EPA’s Science Advisory Board (“SAB”) has issued two federal register notices seeking nominations to a proposed panel that would review and provide advice on two draft documents prepared by EPA which address surface mining in Central Appalachia. The first notice, issued in September 2009, requested nominations to an ad hoc panel. 74 Fed. Reg. 48952 (Sept. 25, 2009). That panel would provide expert advice to EPA on its draft assessment of the ecological impacts “associated with a surface coal mining technique known as mountaintop mining and valley-fill where mining overburden is placed in adjacent valleys.” A list of current nominees to that panel includes representatives of the mining industry, private consultants and university professors. Among the nominees is Emily Bernhardt, a professor at Duke University who has testified against the holders of “fill” permits issued by the Corps in litigation pending in the Southern District of West Virginia. A full list of the current nominees may be found on EPA’s SAB website.

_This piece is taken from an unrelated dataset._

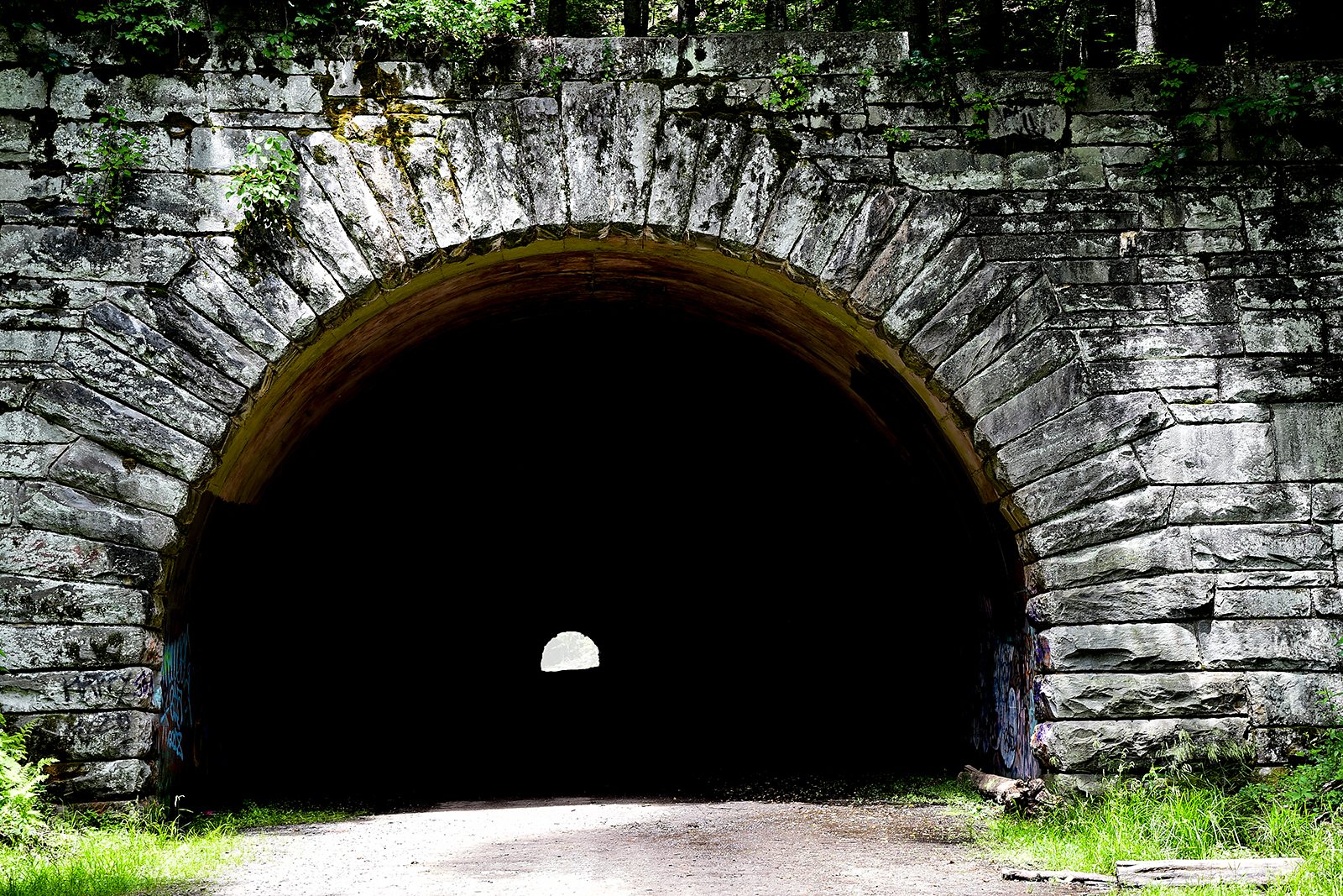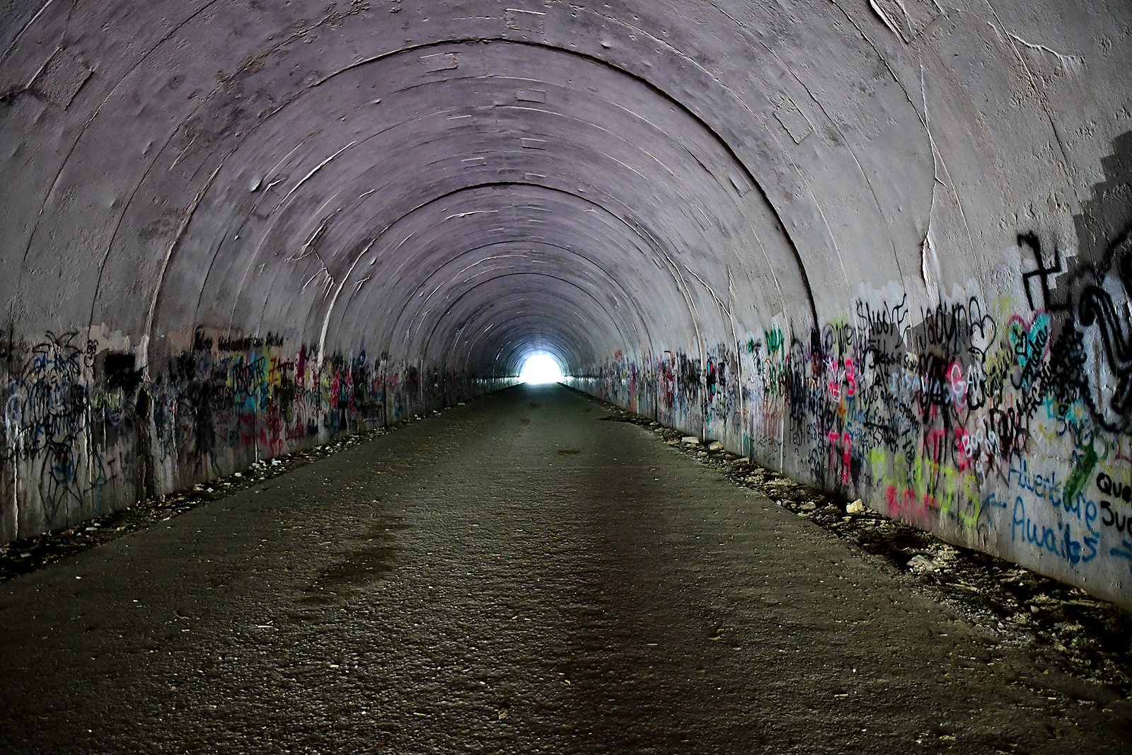 Nach kurzer Zeit stehen wir tatsächlich vor einem recht neuen langen Tunnel. Wir stehen vor einem großen schwarzen Loch. In der Mitte des Tunnels ist ein gleißendes Licht zu sehen. Ich kann nicht sagen ob es die Mitte oder das andere Ende des Tunnels ist. Irgendwie unheimlich ist das jetzt schon. Mann kann auch nicht wirklich abschätzen wie lange dieser Tunnel ins nirgendwo wirklich ist.

Before nominees were selected to the ad hoc panel, EPA issued a second federal register notice in February 2010. 75 Fed. Reg. 5589 (Feb. 3, 2010). That notice seeks nomination of experts to conduct a peer review of EPA’s draft “Advisory Value for Conductivity Using Field Data: an Adaptation of the USEPA’s Standard Methodology for Deriving Water Quality Criteria.” In that federal register notice, EPA observed that its Office of Research and Development has developed a report that uses field data to derive an aquatic life advisory value for conductivity that may be applied to waters in the Appalachian region. In the same notice, EPA’s SAB noted that it has decided to form one expert panel under the auspices of the SAB to cover the necessary expertise for the review of both the draft assessment on ecological impacts of mountaintop mining and the proposed advisory value for conductivity using field data.

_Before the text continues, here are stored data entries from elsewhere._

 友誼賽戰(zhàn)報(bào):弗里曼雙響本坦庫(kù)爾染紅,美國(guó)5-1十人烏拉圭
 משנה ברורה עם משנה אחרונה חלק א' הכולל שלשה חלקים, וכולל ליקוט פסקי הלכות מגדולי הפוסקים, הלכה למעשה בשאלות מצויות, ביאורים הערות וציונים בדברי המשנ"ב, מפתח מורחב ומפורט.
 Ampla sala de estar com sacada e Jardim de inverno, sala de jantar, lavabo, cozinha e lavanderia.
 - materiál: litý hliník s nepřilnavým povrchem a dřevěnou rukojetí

It is widely believed in the mining industry that EPA Region 3 is using both of these reports to impose unachievable limits on conductivity in NPDES and Clean Water Act Section 404 permits. EPA maintains a set of national recommended water quality criteria to protect aquatic life. It has never issued a national standard for specific conductance (conductivity), but claims that its research shows “impairment” to aquatic insect populations at specific conductance levels as low as 300-500 uS/cm. These numbers are well below levels at which state officials in West Virginia and Kentucky believe there are substantial impacts and are so low as to be unachievable by coal mines and any large-scale earth disturbance.